[[ Material for the task, beginning ]]

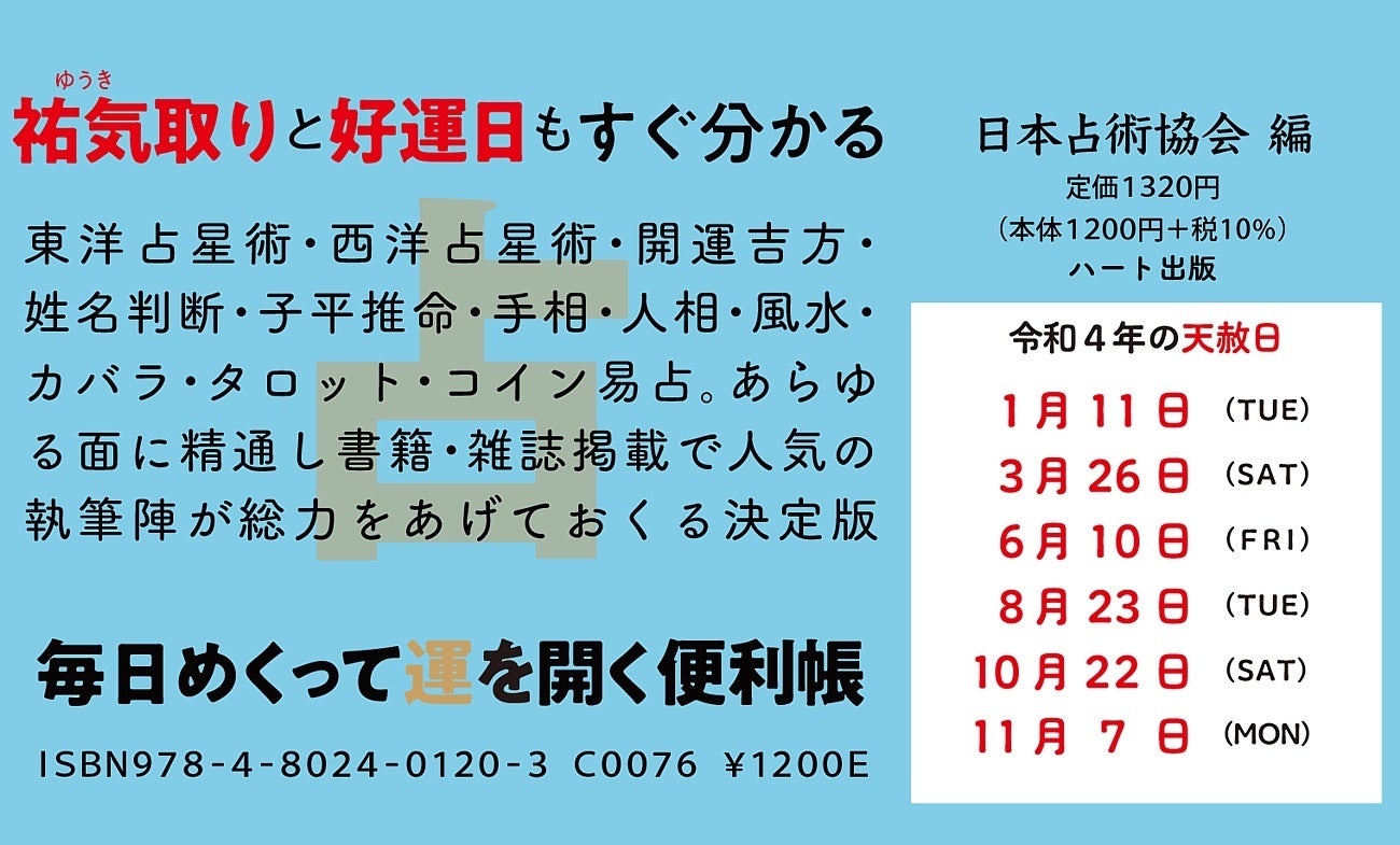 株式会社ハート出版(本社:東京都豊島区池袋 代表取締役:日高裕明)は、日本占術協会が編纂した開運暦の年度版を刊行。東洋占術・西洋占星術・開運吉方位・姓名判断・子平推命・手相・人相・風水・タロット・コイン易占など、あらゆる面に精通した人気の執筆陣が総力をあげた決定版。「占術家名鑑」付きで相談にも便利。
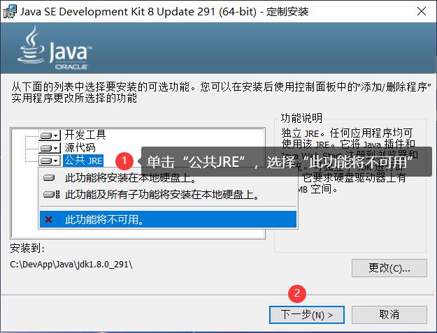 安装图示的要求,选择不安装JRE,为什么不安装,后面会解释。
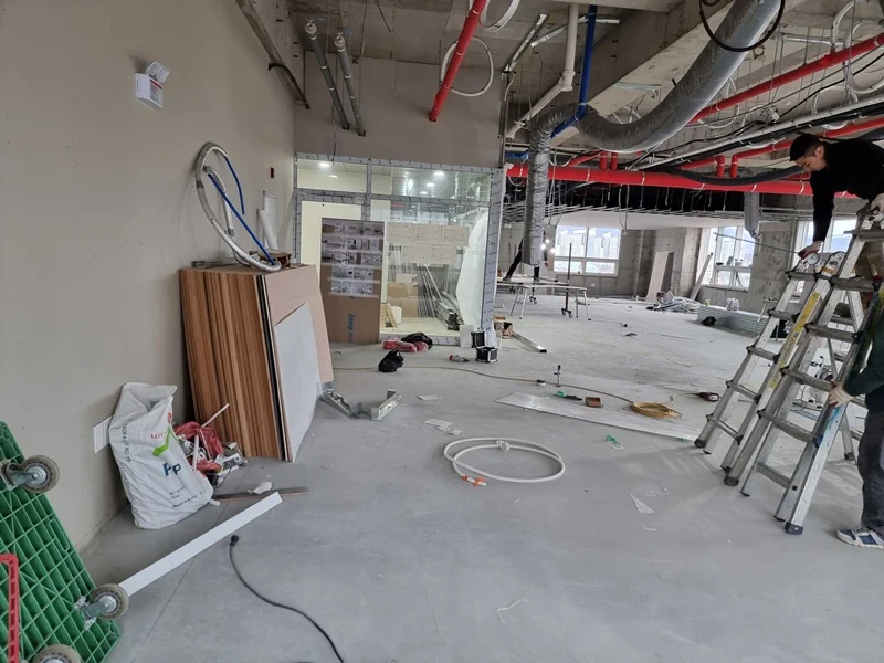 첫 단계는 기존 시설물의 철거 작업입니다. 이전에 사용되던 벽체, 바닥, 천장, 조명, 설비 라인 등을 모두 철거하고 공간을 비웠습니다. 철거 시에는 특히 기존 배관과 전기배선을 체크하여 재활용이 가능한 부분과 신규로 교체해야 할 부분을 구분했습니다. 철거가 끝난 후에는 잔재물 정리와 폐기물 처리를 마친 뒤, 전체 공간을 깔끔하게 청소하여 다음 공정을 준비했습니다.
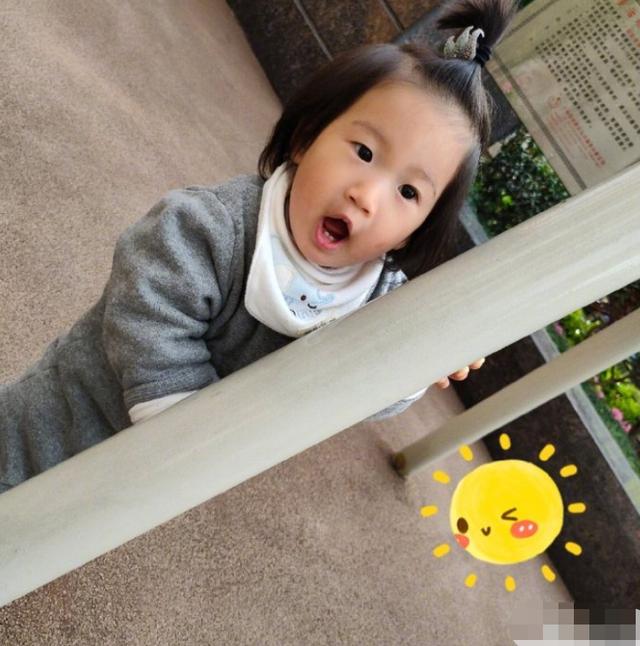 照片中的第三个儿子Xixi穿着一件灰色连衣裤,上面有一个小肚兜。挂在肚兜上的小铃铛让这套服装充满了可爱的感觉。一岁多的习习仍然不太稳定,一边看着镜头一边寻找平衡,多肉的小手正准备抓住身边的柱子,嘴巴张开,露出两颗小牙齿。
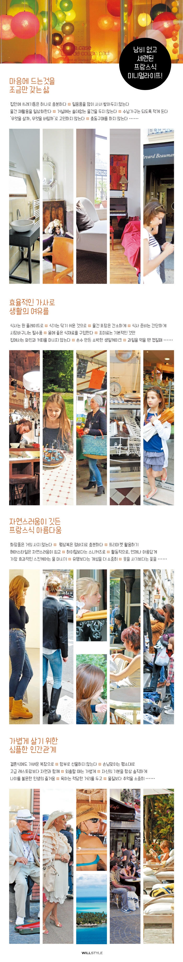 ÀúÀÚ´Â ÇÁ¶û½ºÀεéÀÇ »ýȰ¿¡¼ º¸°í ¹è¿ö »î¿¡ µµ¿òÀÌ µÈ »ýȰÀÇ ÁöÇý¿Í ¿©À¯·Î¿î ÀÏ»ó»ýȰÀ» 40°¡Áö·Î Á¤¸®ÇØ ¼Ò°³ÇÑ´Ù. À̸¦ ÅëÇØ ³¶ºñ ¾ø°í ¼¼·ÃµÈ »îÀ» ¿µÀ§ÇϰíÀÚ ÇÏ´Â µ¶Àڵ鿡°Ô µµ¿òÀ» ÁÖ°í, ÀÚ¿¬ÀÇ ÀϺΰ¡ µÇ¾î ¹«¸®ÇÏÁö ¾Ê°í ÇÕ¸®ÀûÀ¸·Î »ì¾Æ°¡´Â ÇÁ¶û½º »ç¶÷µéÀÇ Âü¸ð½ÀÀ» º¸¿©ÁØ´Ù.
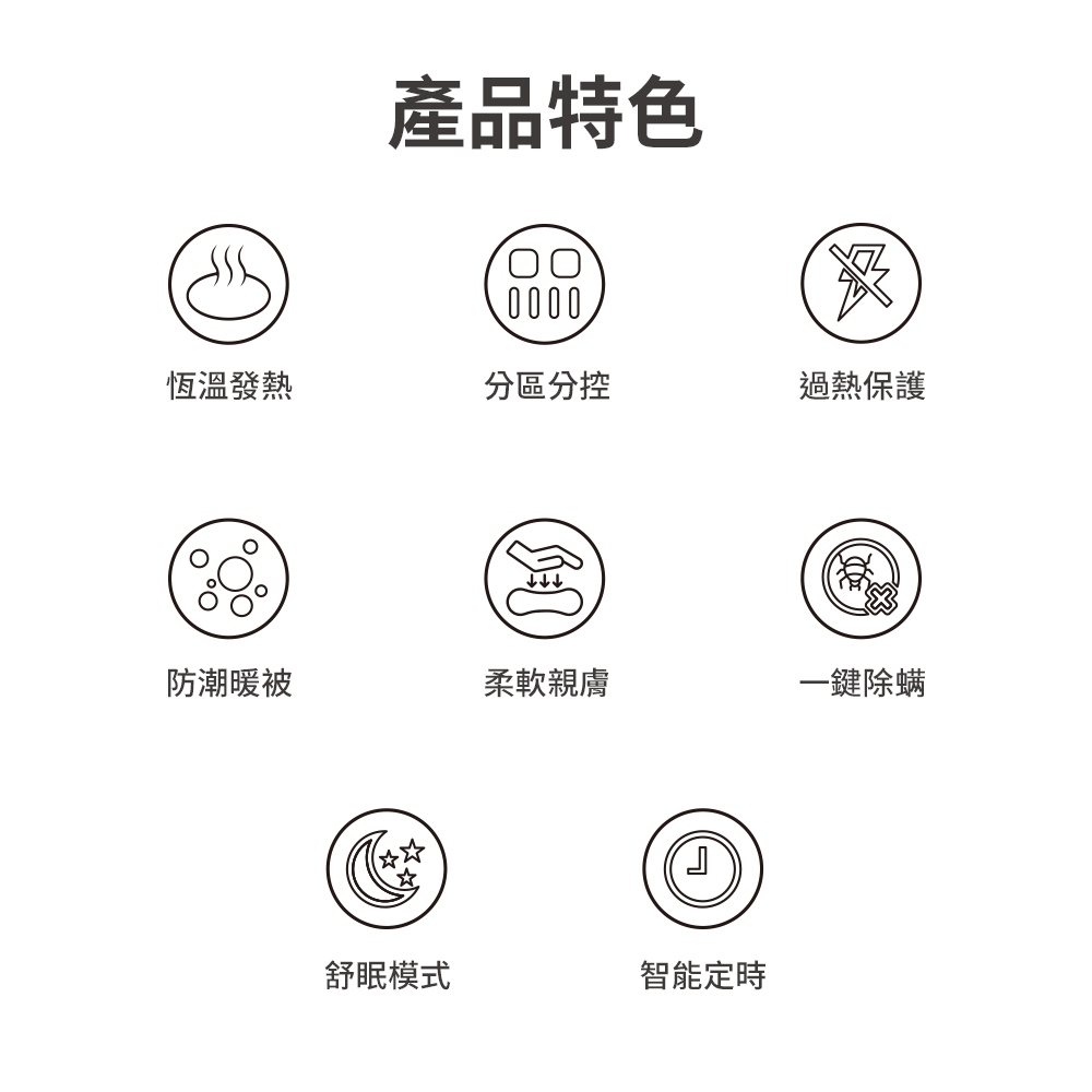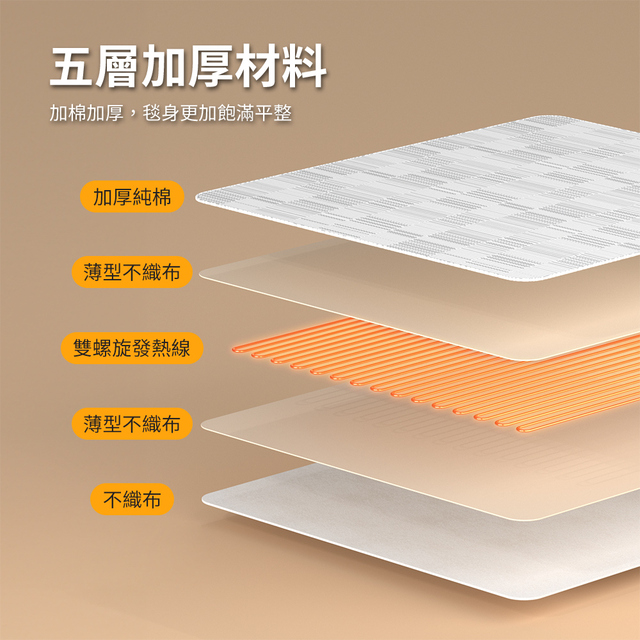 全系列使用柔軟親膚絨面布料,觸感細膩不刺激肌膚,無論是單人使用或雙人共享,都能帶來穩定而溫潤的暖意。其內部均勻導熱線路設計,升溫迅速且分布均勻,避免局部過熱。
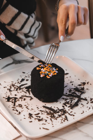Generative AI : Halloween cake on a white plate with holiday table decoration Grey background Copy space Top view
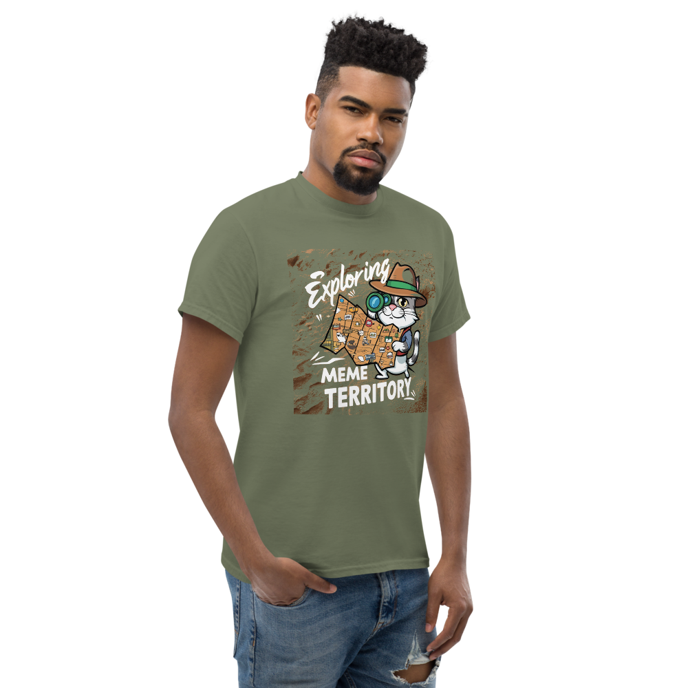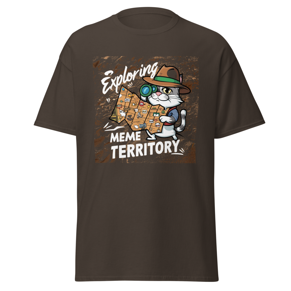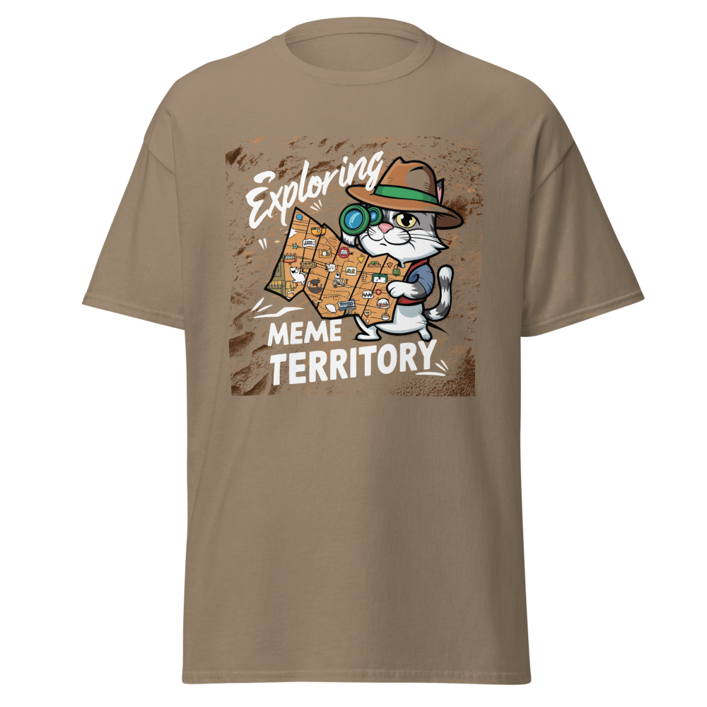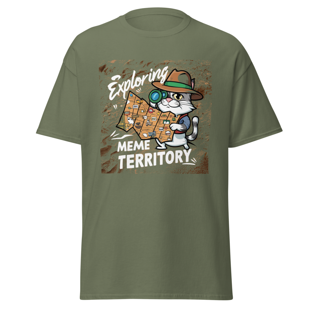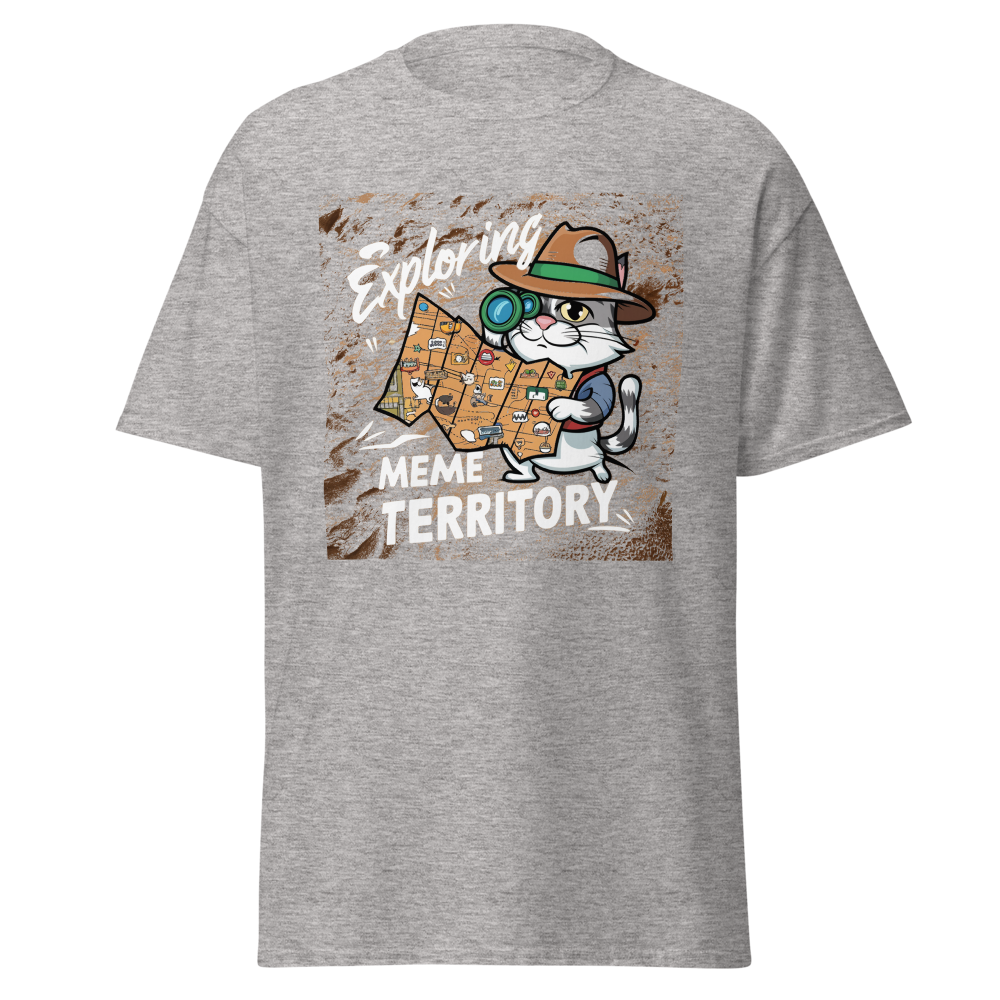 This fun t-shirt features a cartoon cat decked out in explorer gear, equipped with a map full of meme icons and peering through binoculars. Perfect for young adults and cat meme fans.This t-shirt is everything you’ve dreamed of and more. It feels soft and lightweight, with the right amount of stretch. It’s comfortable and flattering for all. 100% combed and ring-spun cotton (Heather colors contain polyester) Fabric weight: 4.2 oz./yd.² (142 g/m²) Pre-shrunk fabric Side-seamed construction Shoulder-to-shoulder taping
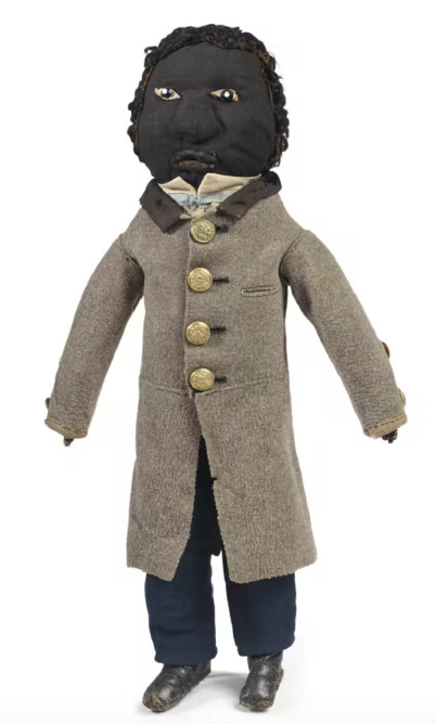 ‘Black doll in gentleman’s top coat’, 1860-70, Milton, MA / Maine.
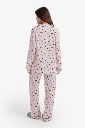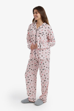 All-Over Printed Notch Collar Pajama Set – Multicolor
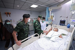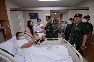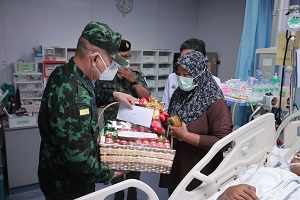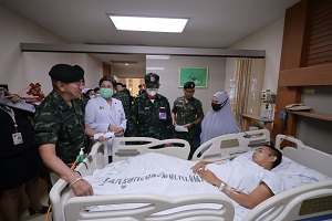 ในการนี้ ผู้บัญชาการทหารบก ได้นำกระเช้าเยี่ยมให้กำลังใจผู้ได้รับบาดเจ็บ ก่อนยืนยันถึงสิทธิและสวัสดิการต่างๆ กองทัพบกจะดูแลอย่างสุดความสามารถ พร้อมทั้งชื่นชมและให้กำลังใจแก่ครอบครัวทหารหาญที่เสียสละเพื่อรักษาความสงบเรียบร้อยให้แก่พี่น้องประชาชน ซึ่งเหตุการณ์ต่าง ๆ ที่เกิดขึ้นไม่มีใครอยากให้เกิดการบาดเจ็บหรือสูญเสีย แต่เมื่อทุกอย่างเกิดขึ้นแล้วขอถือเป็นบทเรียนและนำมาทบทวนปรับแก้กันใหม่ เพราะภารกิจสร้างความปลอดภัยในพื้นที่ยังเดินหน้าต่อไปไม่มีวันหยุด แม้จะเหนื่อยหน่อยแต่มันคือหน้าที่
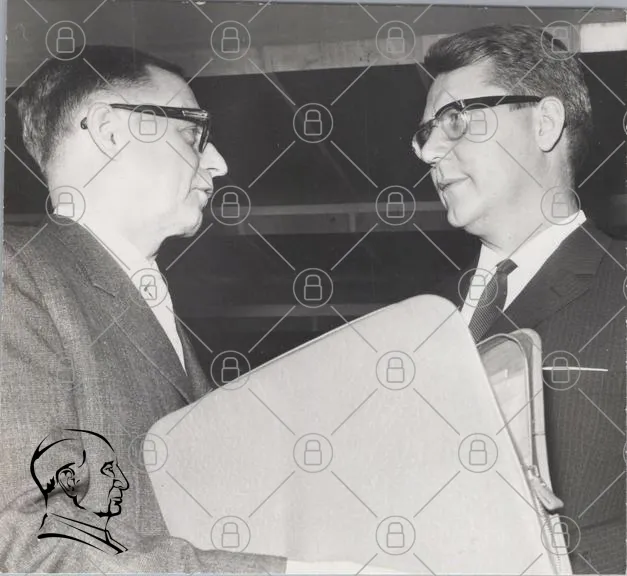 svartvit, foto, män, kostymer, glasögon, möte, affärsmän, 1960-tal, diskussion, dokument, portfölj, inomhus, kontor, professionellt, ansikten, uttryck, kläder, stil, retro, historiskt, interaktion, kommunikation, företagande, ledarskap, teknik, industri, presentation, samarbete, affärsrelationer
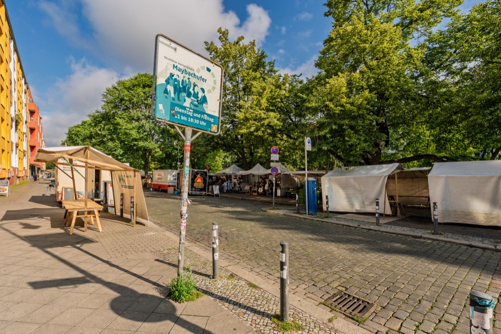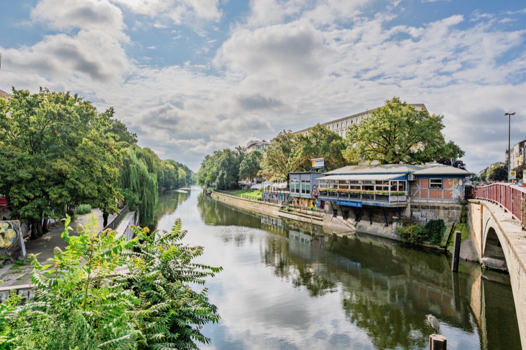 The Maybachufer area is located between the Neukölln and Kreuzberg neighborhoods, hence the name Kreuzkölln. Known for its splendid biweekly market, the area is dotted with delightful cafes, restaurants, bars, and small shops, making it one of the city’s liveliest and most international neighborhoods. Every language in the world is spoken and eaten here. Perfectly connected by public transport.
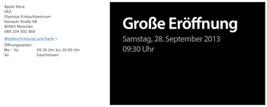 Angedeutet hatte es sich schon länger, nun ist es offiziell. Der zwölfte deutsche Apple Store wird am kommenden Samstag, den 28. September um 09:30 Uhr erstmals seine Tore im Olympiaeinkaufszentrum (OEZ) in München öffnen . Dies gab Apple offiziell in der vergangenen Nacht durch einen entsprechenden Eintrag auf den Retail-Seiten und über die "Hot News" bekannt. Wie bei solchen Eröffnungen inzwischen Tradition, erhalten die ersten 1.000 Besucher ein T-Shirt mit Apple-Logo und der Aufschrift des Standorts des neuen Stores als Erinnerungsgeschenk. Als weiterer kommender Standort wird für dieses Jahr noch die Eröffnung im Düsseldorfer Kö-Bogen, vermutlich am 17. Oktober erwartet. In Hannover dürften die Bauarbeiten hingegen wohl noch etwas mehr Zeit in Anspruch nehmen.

[[ Material for the task, end ]]

▶ [Problem to work on]:
When pictures appear in the records above, leave them out and reproduce exactly each line from the first through the line containing "첫 단계는 기존 시설물의", both included.

▶ [Written response]:
 株式会社ハート出版(本社:東京都豊島区池袋 代表取締役:日高裕明)は、日本占術協会が編纂した開運暦の年度版を刊行。東洋占術・西洋占星術・開運吉方位・姓名判断・子平推命・手相・人相・風水・タロット・コイン易占など、あらゆる面に精通した人気の執筆陣が総力をあげた決定版。「占術家名鑑」付きで相談にも便利。
 安装图示的要求,选择不安装JRE,为什么不安装,后面会解释。
 첫 단계는 기존 시설물의 철거 작업입니다. 이전에 사용되던 벽체, 바닥, 천장, 조명, 설비 라인 등을 모두 철거하고 공간을 비웠습니다. 철거 시에는 특히 기존 배관과 전기배선을 체크하여 재활용이 가능한 부분과 신규로 교체해야 할 부분을 구분했습니다. 철거가 끝난 후에는 잔재물 정리와 폐기물 처리를 마친 뒤, 전체 공간을 깔끔하게 청소하여 다음 공정을 준비했습니다.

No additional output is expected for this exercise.